Когда я, наконец, через несколько минут вышел из уборной, я лицом к лицу столкнулся с «мушкатером», дожидавшимся у двери уборной. Увидав меня и убедившись в том, что в уборной был вовсе не Неизвестный, прогулку которого он караулил, а совсем другой, он понял свою ошибку и поднял страшный крик. Началась суматоха, послышался топот ног, появился старичок-смотритель (без мундира). Меня заперли снова в мою камеру, о своих наблюдениях я хранил молчание, но весть о побеге Неизвестного стала немедленно известна и встречена была всеми нами с бурным восторгом, к которому и я присоединился. Попытка настигнуть и поймать Неизвестного кончилась ничем…
Только позднее я узнал, что произошло. Неизвестный лишь недавно бежал из сибирской ссылки; он ночевал у Михаила Андреевича Ильина, помощника присяжного поверенного (позднее он был более известен под своим литературным псевдонимом – Осоргин, девичья фамилия его матери; М.А. Ильин-Осоргин сочувствовал эсерам, оказывал им и Московскому комитету различные услуги).
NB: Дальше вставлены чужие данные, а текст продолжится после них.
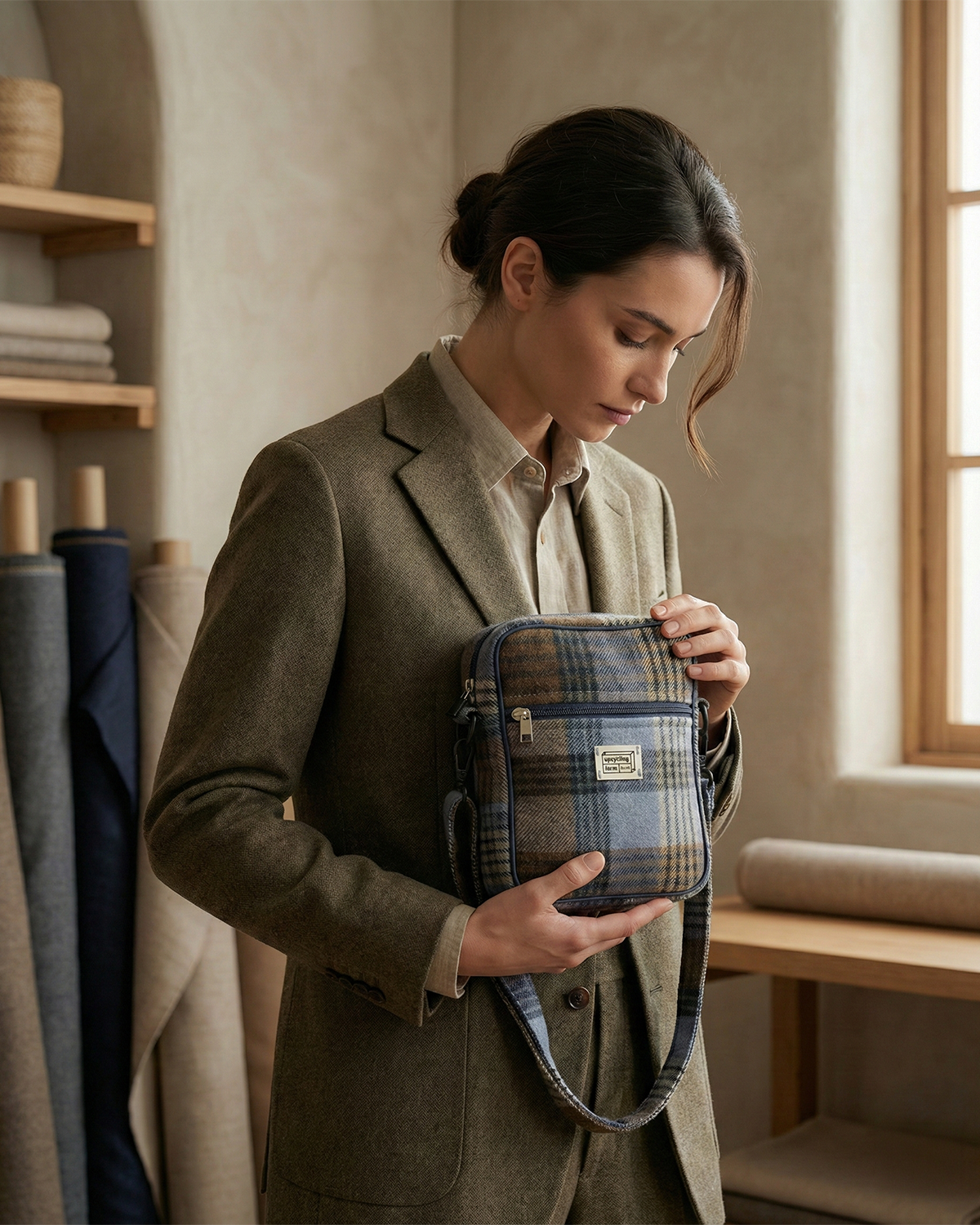 The Dark Autumn Crest Cross body Bag draws inspiration from classic tartan patterns and deep autumn tones, brought together in a clean, modern silhouette. Crafted with a pure fine wool exterior, it delivers a soft yet structured feel, while the pure cotton interior ensures comfort and durability for carrying daily essentials.
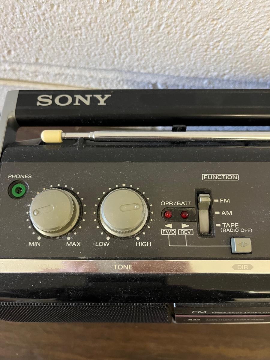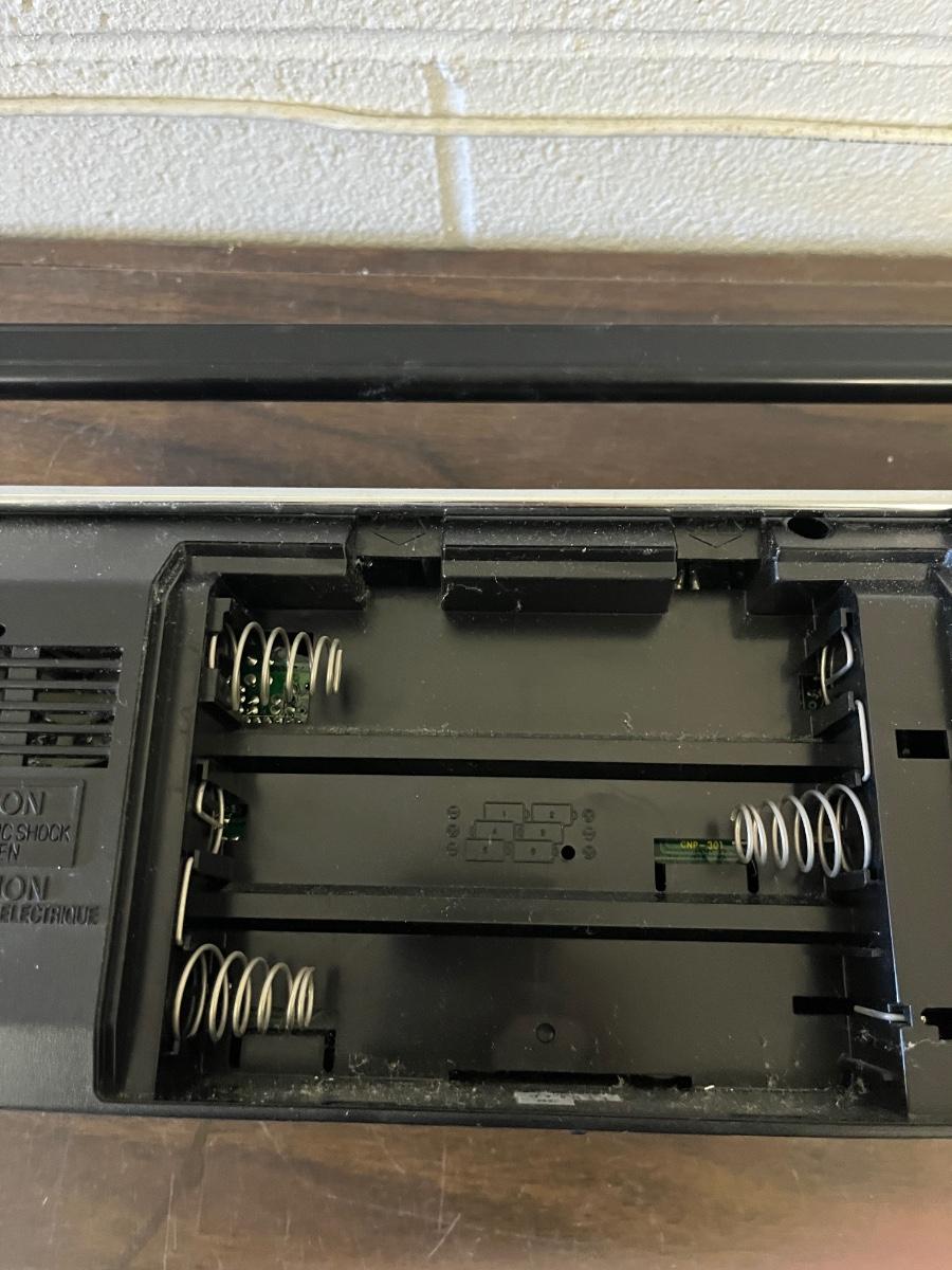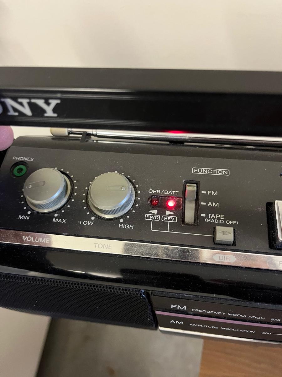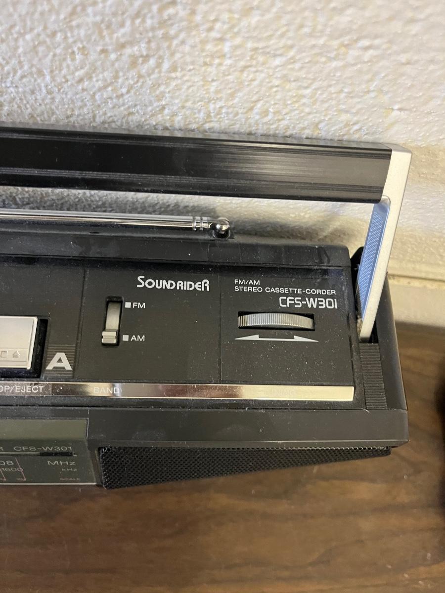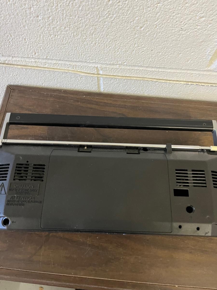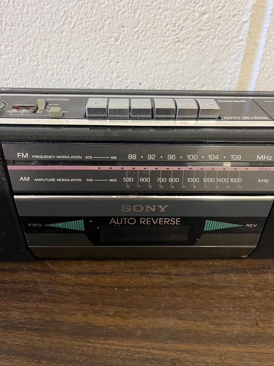 Lot includes a Sony boombox model# CFS-220 and Sony Boombox model # CFS W 301. Both radios powered on when plugged in. Largest boombox measures 20.5” x 5.5” x 8”H.

По какой-то оплошности, своей или чужой, приезжий был в Москве арестован, бумаг при нем не было, назвать себя он отказался и был записан как Неизвестный. Перепрыгнув через забор, Неизвестный бросился в один из дворов того же Штатного переулка, куда выходили ворота Пречистенской части, перелез через другой забор, напугал какую-то старуху в саду, сам испугался и через сад вышел на Пречистенку. Там сел на поднимавшуюся по Пречистенке конку, на глазах у изумленного кондуктора вырвал зашитую в штанах трехрублевку и заплатил за билет, потом на соседней улице вышел, зашел в винную лавку, выбил пробку из «мерзавчика» и в виде подвыпившего мастерового отправился дальше. Переночевал снова у Ильина…
Но здесь я должен прервать нить рассказа и вернуться к своей собственной истории, так как она странным образом переплелась с дальнейшей биографией Неизвестного.
Как я уже сказал, судить меня власти не могли и поэтому расправились со мной в порядке административном: так называемое Особое совещание при Министерстве внутренних дел постановило сослать меня на пять лет в Восточную Сибирь, то есть в Якутскую область. Но война с Японией продолжалась, и этапное движение по Сибирской железной дороге не функционировало. Поэтому Якутская область и Сибирь были мне заменены ссылкой на север Европейской России.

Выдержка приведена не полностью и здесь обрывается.